> [WHAT IS BEING ASKED] For the material below, the expected output is exactly the lines between the line holding "在2026年全市生态环境保护工作会议上的讲话" and the line holding "أعلنت شركة مجموعة", inclusive, with pictures left out.

> [RECORD SET]
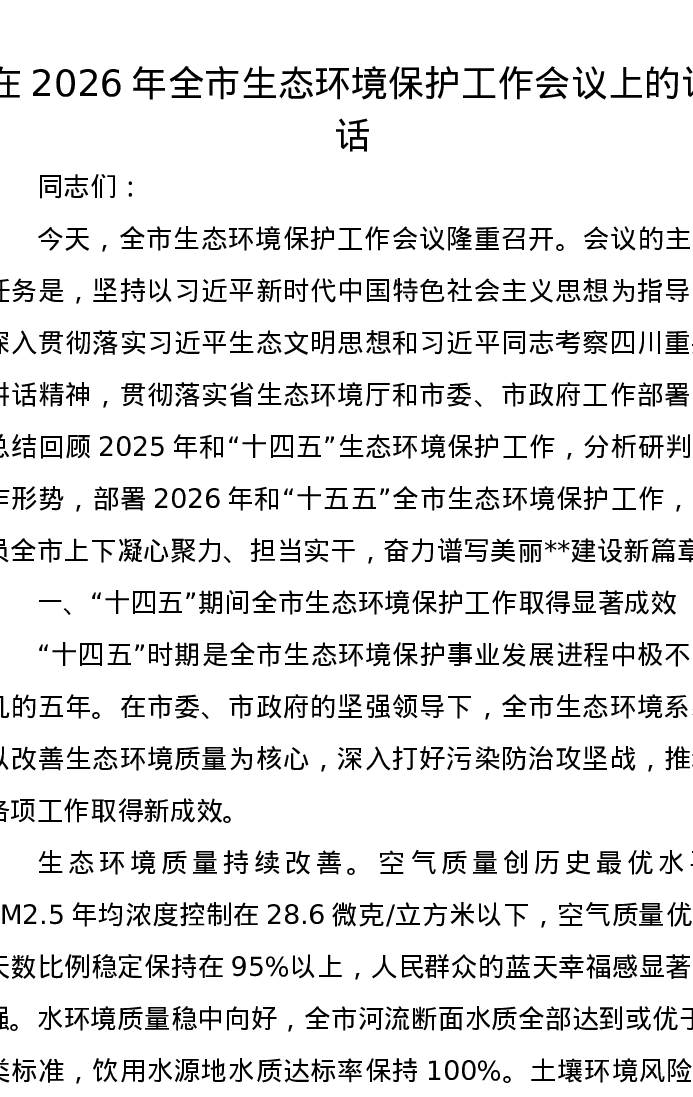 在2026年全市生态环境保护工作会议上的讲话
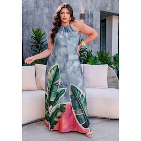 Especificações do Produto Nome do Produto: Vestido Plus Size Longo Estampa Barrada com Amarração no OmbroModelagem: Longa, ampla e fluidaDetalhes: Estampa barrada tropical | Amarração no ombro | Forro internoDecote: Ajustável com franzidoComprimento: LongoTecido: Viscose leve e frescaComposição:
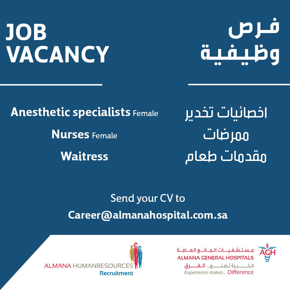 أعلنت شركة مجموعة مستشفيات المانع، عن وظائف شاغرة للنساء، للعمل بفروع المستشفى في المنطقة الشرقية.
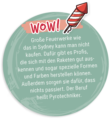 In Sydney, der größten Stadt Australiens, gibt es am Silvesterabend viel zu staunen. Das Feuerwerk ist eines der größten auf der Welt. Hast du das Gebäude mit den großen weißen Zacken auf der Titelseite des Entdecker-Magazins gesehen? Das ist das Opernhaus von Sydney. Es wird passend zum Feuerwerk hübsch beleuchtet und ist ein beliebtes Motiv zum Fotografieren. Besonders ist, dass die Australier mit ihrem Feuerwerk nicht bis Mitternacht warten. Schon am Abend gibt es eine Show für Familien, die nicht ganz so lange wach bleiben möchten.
...
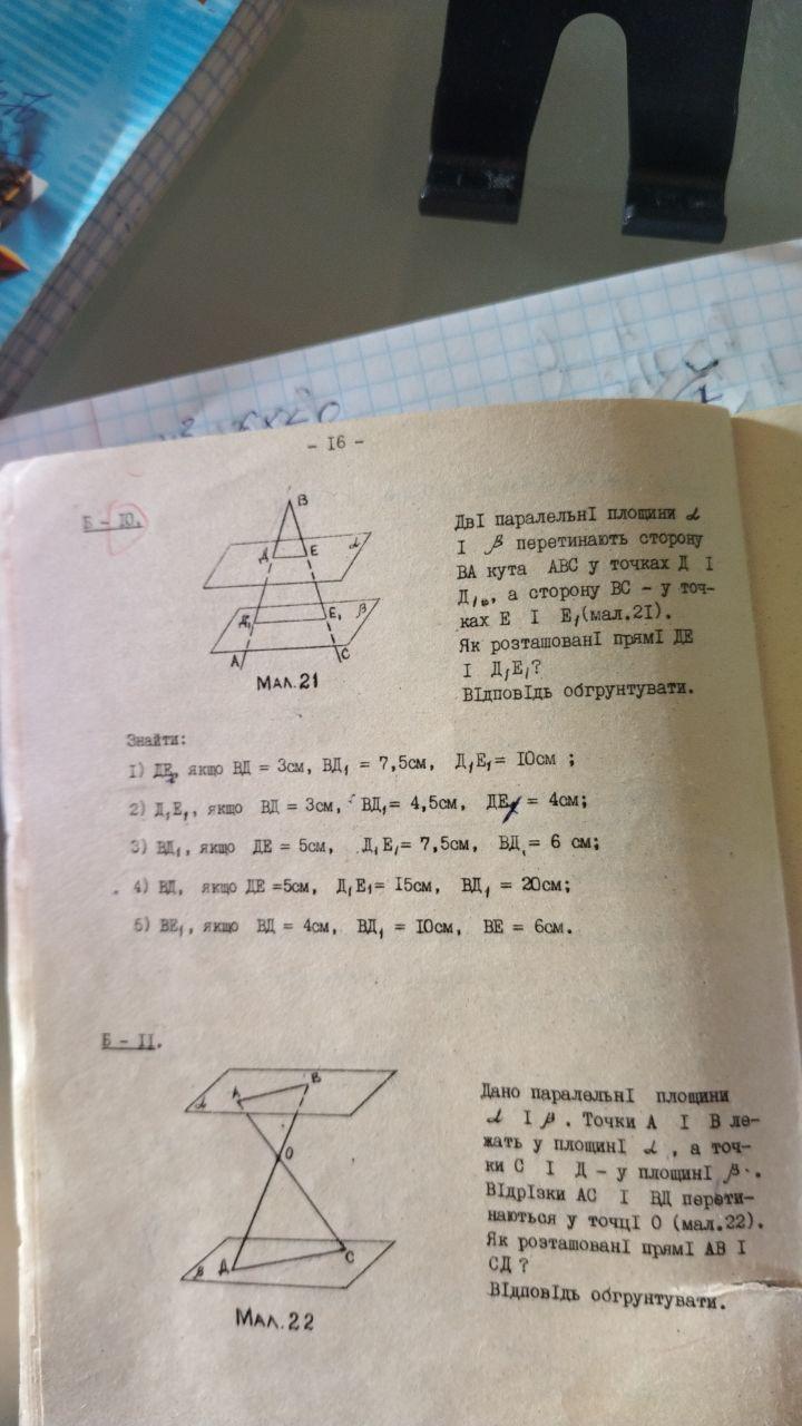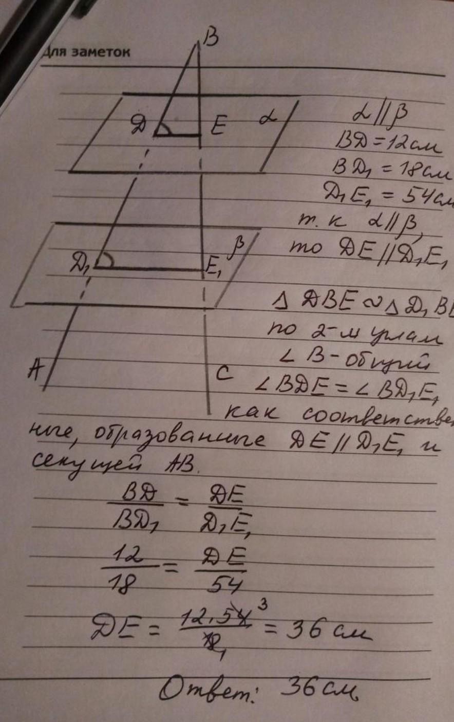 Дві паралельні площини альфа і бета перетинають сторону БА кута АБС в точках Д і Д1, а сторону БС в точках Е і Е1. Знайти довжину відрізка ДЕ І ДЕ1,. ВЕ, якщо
---
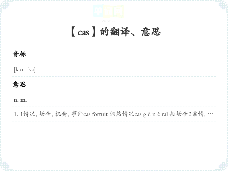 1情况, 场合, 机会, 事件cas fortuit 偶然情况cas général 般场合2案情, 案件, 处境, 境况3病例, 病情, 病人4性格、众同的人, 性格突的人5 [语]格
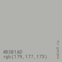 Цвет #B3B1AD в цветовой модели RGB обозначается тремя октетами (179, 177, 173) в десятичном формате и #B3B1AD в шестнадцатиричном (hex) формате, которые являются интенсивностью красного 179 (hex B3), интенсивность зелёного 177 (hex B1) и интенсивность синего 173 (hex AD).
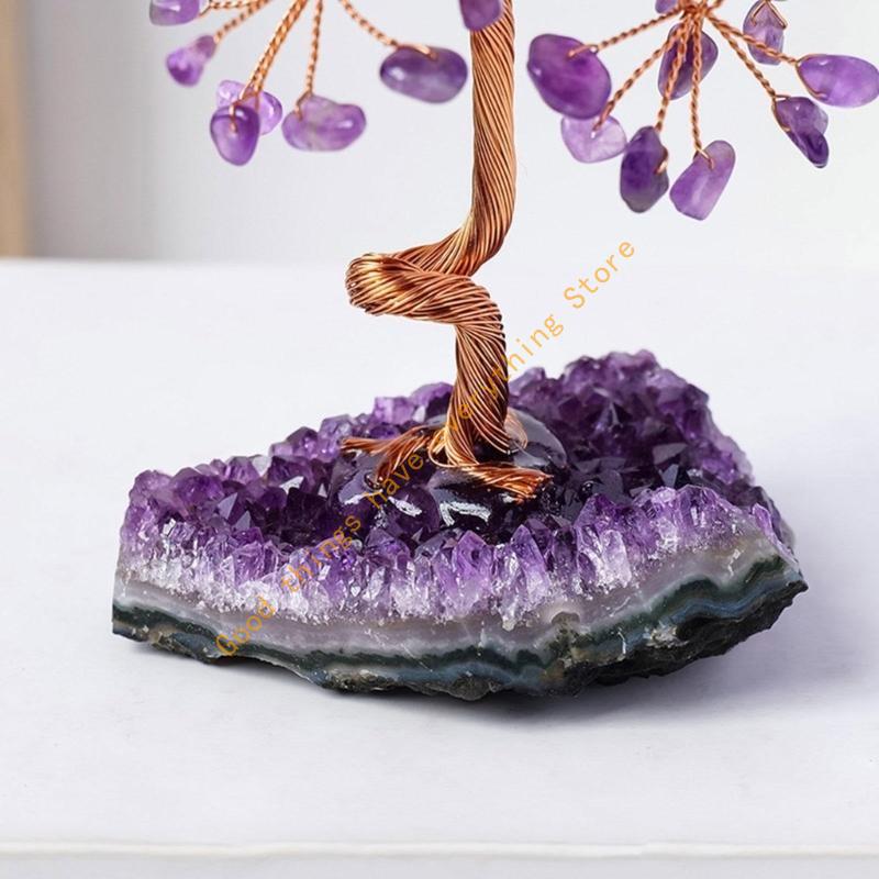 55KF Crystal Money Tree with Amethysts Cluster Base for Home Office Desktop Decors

> [WRITTEN SOLUTION]
 在2026年全市生态环境保护工作会议上的讲话
 Especificações do Produto Nome do Produto: Vestido Plus Size Longo Estampa Barrada com Amarração no OmbroModelagem: Longa, ampla e fluidaDetalhes: Estampa barrada tropical | Amarração no ombro | Forro internoDecote: Ajustável com franzidoComprimento: LongoTecido: Viscose leve e frescaComposição:
 أعلنت شركة مجموعة مستشفيات المانع، عن وظائف شاغرة للنساء، للعمل بفروع المستشفى في المنطقة الشرقية.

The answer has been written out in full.